What needs to be done: Scan the material below for "with", then return each line that contains it.

Given data:
'''
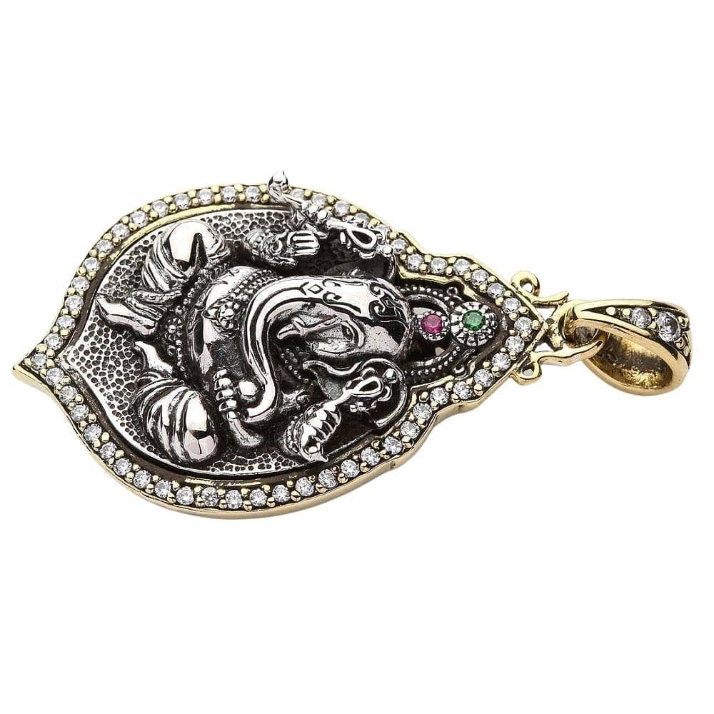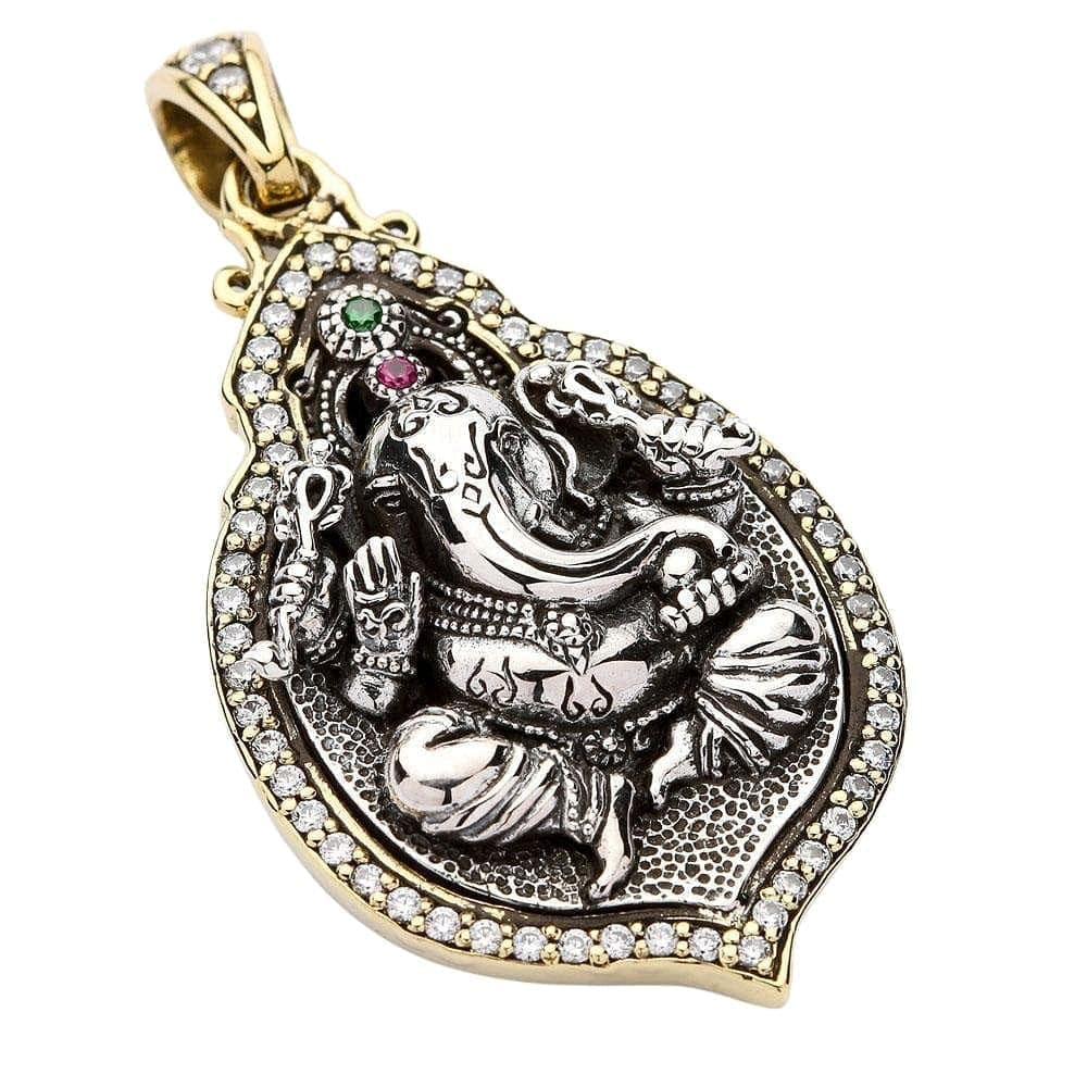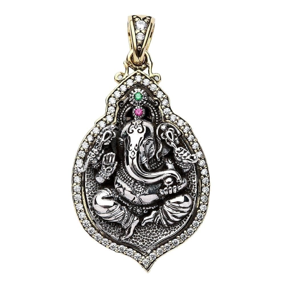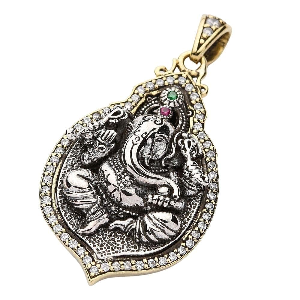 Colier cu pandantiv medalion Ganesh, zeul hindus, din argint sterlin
'''
'''
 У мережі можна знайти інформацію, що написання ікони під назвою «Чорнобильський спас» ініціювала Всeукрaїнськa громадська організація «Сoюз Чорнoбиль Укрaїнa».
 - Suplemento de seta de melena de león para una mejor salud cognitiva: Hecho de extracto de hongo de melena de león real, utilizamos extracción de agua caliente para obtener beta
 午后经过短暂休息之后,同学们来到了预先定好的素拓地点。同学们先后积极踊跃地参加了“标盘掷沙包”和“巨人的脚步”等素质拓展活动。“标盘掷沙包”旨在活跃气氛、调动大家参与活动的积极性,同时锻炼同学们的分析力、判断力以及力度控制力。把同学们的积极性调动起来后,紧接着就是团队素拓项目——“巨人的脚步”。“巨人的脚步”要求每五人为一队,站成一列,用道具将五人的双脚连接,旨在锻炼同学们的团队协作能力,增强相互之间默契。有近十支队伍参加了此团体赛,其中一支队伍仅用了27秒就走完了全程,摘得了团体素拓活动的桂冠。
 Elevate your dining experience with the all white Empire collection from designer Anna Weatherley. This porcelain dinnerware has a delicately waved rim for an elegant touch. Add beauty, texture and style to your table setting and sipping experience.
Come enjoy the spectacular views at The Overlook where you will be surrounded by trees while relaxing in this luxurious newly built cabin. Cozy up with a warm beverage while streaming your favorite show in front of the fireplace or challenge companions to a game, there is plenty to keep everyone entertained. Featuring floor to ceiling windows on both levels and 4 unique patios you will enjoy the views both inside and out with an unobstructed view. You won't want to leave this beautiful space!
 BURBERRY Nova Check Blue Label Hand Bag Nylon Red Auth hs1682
'''
Answer box:
 Elevate your dining experience with the all white Empire collection from designer Anna Weatherley. This porcelain dinnerware has a delicately waved rim for an elegant touch. Add beauty, texture and style to your table setting and sipping experience.
Come enjoy the spectacular views at The Overlook where you will be surrounded by trees while relaxing in this luxurious newly built cabin. Cozy up with a warm beverage while streaming your favorite show in front of the fireplace or challenge companions to a game, there is plenty to keep everyone entertained. Featuring floor to ceiling windows on both levels and 4 unique patios you will enjoy the views both inside and out with an unobstructed view. You won't want to leave this beautiful space!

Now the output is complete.